With its stock trading at just 10 cents, you’d question why Naked Brand Group (NASDAQ:NAKD) is still listed on the stock exchange. The company barely meets the minimum requirement of $2.5 million of stockholder equity. Even before the novel coronavirus obliterated the retail business, the company was struggling to generate profits. Hence, a potential second wave of Covid 19 could be curtains for NAKD stock.
The stock is currently trading at almost its lowest price ever at 9 cents. Additionally, its 6-month price index is at meager 22 cents. The annualized volatility of NAKD stock is at a massive 78%. However, to blame the pandemic for its decline would be inaccurate, as the stock’s been on the downslope since November last year. 2019 was an incredibly tough year for the company, with a 31.8% decline in net profits. Moreover, the pandemic has essentially brushed aside any chances of recovery this year.
Lackluster Financial Performance
Naked Group reported its torrid 2020 financial results back in May. Sales were down 19.5% to $58.5 million in the year, and 4.7% higher than in 2019. Last year, Revenues were impacted by stock supply issues, Brexit, and the termination of several wholesale partnerships in the US. With the pandemic crippling supply chains worldwide, many of the issues last year are likely to have compounded. Additionally, net losses widened from $33.9 million to $32 million. Losses increased modestly compared to last year due to reductions in expenses.
The cost reductions are due to the company’s global strategic review efforts. Through its plan, it effectively reduced administrative, corporate and finance costs totaling $10.5 million. It exited many of the unprofitable channels in the UK, US, and select channels in Australia and New Zealand. Furthermore, it has done well to fortify its balance sheet through debt restructuring transactions. These transactions include a new two-year $10.85 million credit facility agreement with the Bank of New Zealand. It also raised $18.5 million through convertible promissory notes.

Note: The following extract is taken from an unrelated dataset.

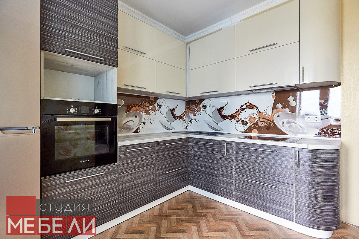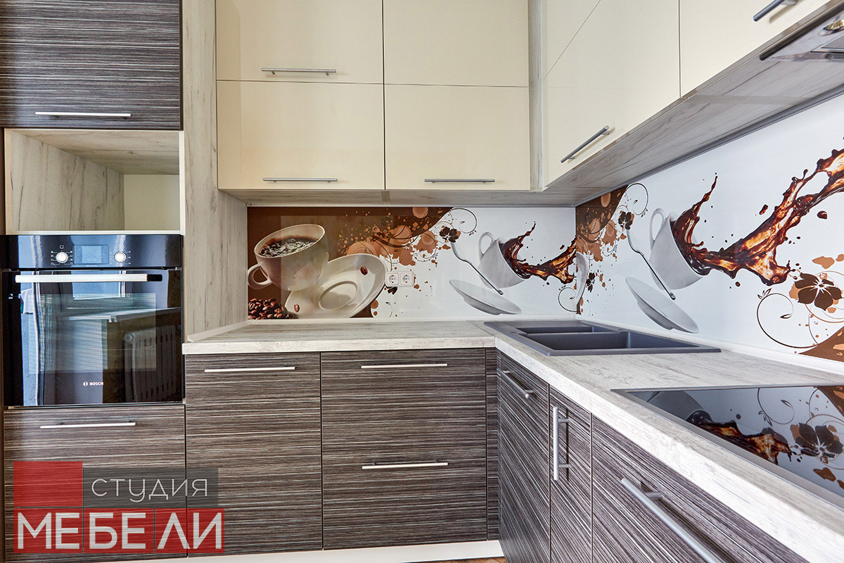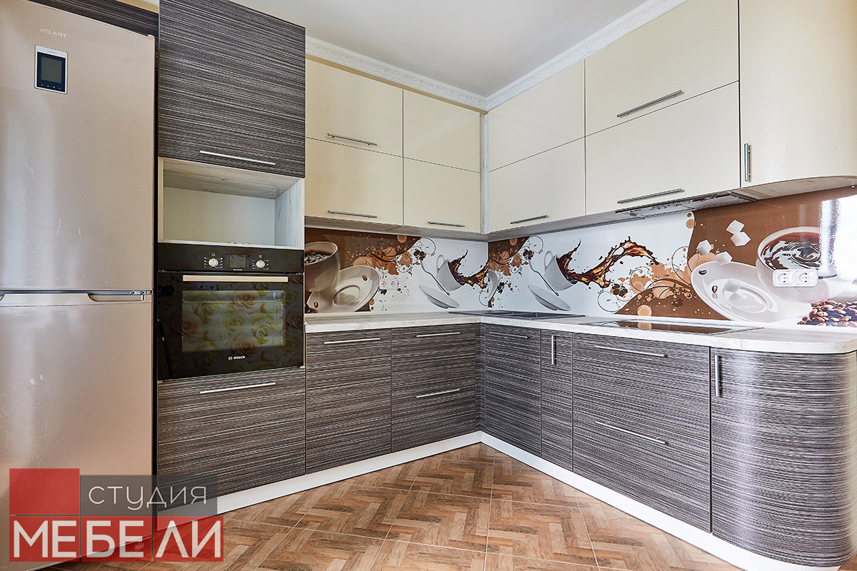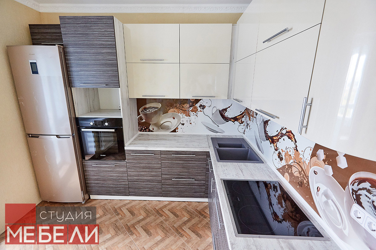 Любите уют и теплые кофейные оттенки? Комбинированная кухня станет для Вас подходящим выбором. Нижний ярус выполнен из постформинга оттенка «Зембрано темный» и имеет характерную древесную текстуру. Верхние ящики реализованы в бежевом цвете, что визуально разгружает пространство, делая Вашу кухню легче и просторнее. Дополнительный акцентом, сглаживающим переход от темных оттенков к светлым, служит столешница RESOPAL 4159-WH. А уникальной изюминкой стали фотоскинали на кофейную тематику, которые помогут взбодриться даже самым сонным утром.

“Our fiscal 2020 was highlighted by the continuing success of our new strategic direction, finalizing the completion of our transition to a lean, direct-to-consumer business model” stated Anna Johnson, CEO of Naked. The management didn’t provide an outlook for next year, nor did they comment on the pandemic’s impact on the business. Expect troubling times ahead for the company, especially in such volatile conditions.
De-listing Fears are Gone for Now
NASDAQ sent Naked Group a notice in May, notifying the company that its stockholders’ equity fell below the $2.5 million benchmark. As a result, the company did not meet the minimum equity requirements for listing on the exchange. The company was given 45 days to submit its plan but was later granted an extension until November 10, 2020. This month, NASDAQ determined that Naked had done enough to meet the minimum requirement. CEO Johnson stated that “With this matter now resolved and a fortified balance sheet, we remain focused on driving growth to create value for our shareholders.”
With the de-listing troubles out of the way, the management can focus on its real troubles, sales. Sales for the company have been on a downward spiral for the past four years. What is most surprising is the company’s inability to expand its revenue base in a growing industry. According to Statista Research, the intimate apparel market is will be valued at $194 billion by 2023. Hence, sales are a cause for significant concern for the company if it hopes to survive in the future.
Final Word on NAKD Stock
Naked Group is an exceptionally difficult spot at this time. NAKD stock is worth pennies, the pandemic has shut down its stores, and it barely meets the minimum listing requirements. Even before the pandemic, the company was struggling to grow its revenues and turn a profit. Therefore, NAKD stock is a definite no-no for the foreseeable future.
On the date of publication, Muslim Farooque did not have (either directly or indirectly) any positions in the securities mentioned in this article.